* Work request
Under this line are the records; repeat exactly the lines starting at the one containing "Náramek je z" and ending at the one containing "Christmas Fox Pattern", omitting pictures.

* The data
****************************************

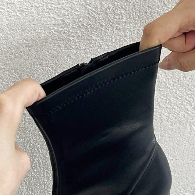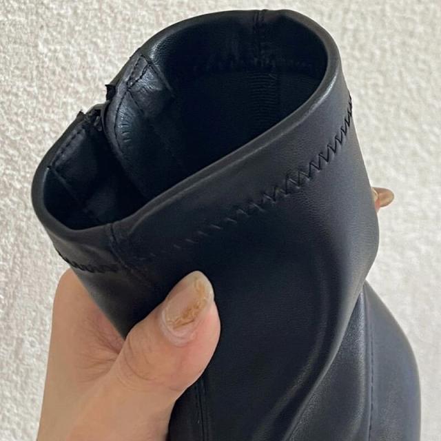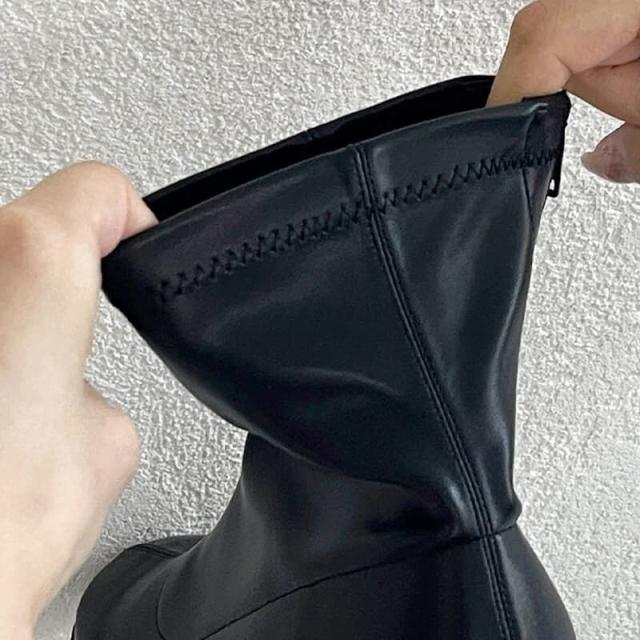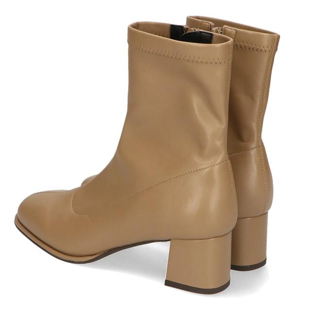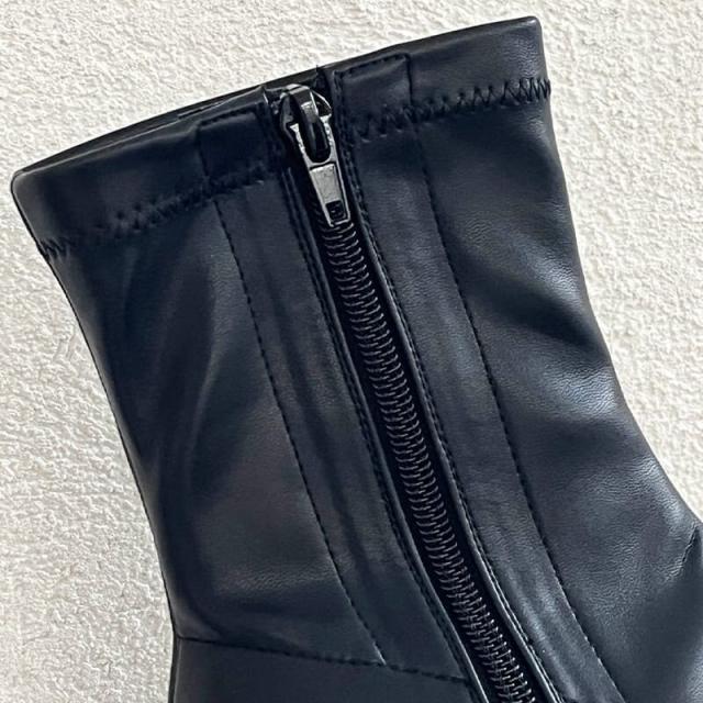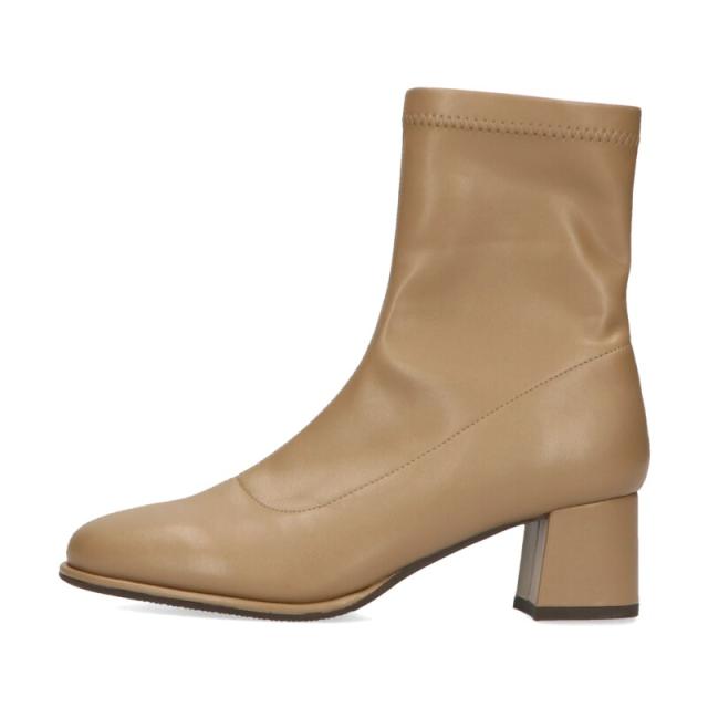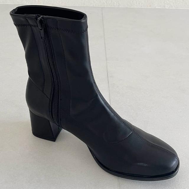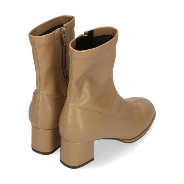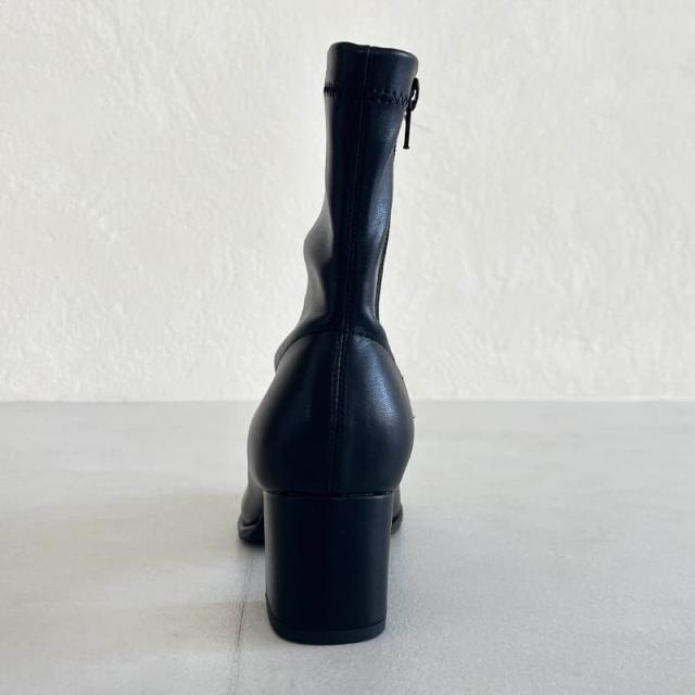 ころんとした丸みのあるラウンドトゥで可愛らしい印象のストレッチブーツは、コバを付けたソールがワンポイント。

****************************************

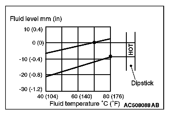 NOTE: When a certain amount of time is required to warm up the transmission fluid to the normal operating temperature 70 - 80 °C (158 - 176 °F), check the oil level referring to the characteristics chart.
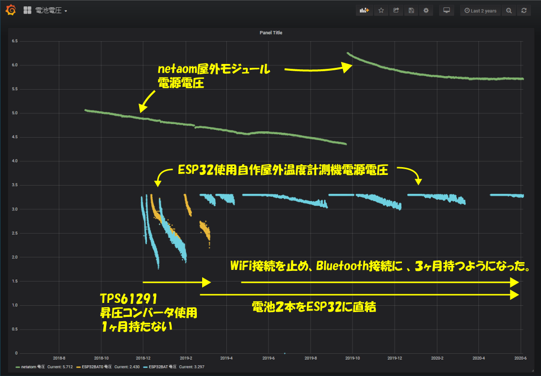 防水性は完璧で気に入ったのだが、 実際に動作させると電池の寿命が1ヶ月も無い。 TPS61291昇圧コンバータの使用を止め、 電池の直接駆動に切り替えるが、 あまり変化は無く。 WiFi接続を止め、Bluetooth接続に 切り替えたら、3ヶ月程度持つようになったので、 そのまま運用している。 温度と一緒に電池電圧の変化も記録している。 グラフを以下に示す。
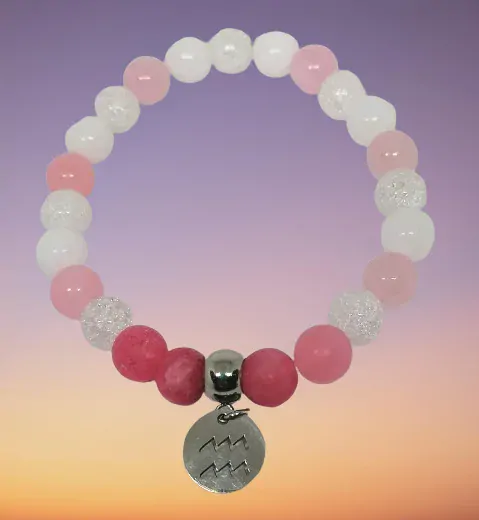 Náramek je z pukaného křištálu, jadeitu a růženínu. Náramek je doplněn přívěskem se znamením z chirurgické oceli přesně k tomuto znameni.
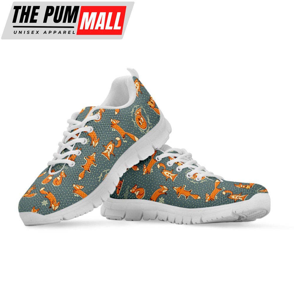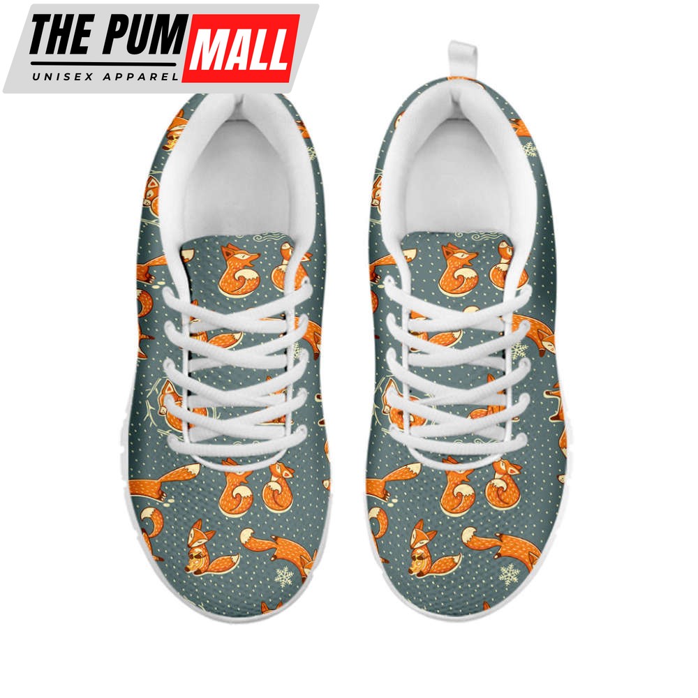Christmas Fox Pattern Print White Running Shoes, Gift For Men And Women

****************************************

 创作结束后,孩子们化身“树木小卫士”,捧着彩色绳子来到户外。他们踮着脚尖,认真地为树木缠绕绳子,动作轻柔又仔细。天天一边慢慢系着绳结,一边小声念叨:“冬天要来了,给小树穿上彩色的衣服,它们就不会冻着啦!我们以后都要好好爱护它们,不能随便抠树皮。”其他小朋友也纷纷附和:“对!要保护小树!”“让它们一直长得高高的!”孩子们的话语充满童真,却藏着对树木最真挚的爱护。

****************************************

* Exercise solution
 Náramek je z pukaného křištálu, jadeitu a růženínu. Náramek je doplněn přívěskem se znamením z chirurgické oceli přesně k tomuto znameni.
Christmas Fox Pattern Print White Running Shoes, Gift For Men And Women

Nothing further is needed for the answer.